## Task goal
Copy the data that appears below exactly. Drop the pictures.

## Supplied material
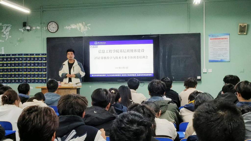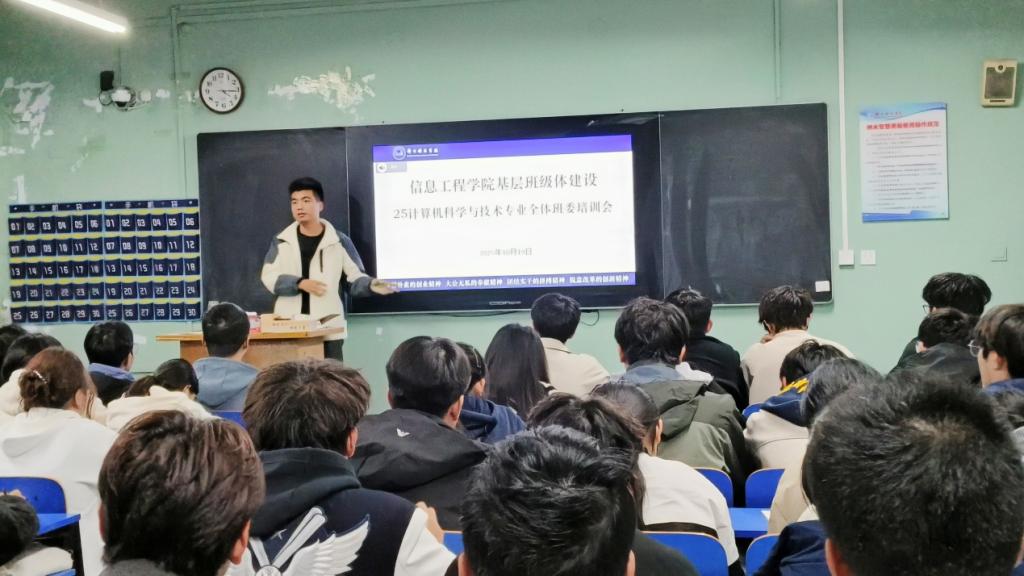 秋意渐浓,正是积蓄力量的时节。信息工程星空(中国)于2025年10月19日综北308教室召开了一场为进一步加强基层班集体建设,提升班委队伍的凝聚力和战斗力的培训会,由豆耀鹏老师主持召开,进一步加强基层班集体建设,提升班委队伍的凝聚力与战斗力,为每个班级锻造一支敢担当、有温度、极具凝聚力的班委团队,从而为打造先进班集体筑牢坚实根基。
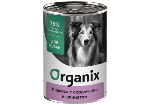 Organix Консервы Органикс для собак Индейка с сердечками и шпинатом (цена за упаковку) 400г х 6шт
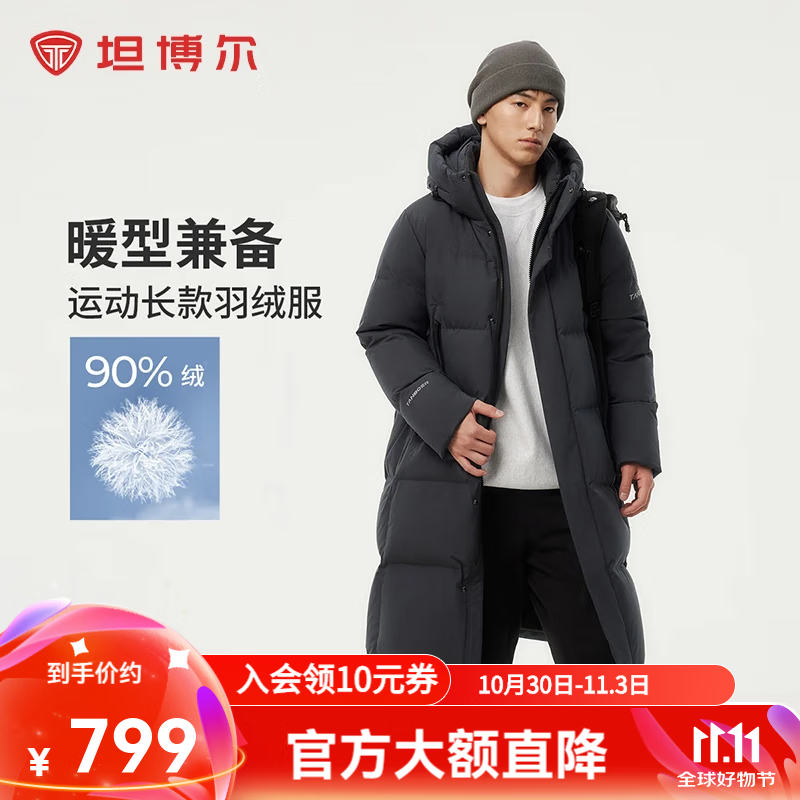 坦博尔连帽羽绒服男长款冬季运动加厚保暖外套TAF550735D 青石灰 L
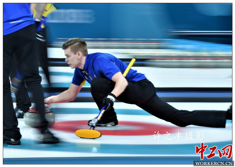 2018年2月24日,在韩国江陵冰壶中心举行的2018年平昌冬奥会男子冰壶决赛中,美国队以10比7战胜瑞典队,夺得平昌冬奥会金牌。工人日报-中工网特派记者许之丰摄影报道

## Solution to this problem
 秋意渐浓,正是积蓄力量的时节。信息工程星空(中国)于2025年10月19日综北308教室召开了一场为进一步加强基层班集体建设,提升班委队伍的凝聚力和战斗力的培训会,由豆耀鹏老师主持召开,进一步加强基层班集体建设,提升班委队伍的凝聚力与战斗力,为每个班级锻造一支敢担当、有温度、极具凝聚力的班委团队,从而为打造先进班集体筑牢坚实根基。
 Organix Консервы Органикс для собак Индейка с сердечками и шпинатом (цена за упаковку) 400г х 6шт
 坦博尔连帽羽绒服男长款冬季运动加厚保暖外套TAF550735D 青石灰 L
 2018年2月24日,在韩国江陵冰壶中心举行的2018年平昌冬奥会男子冰壶决赛中,美国队以10比7战胜瑞典队,夺得平昌冬奥会金牌。工人日报-中工网特派记者许之丰摄影报道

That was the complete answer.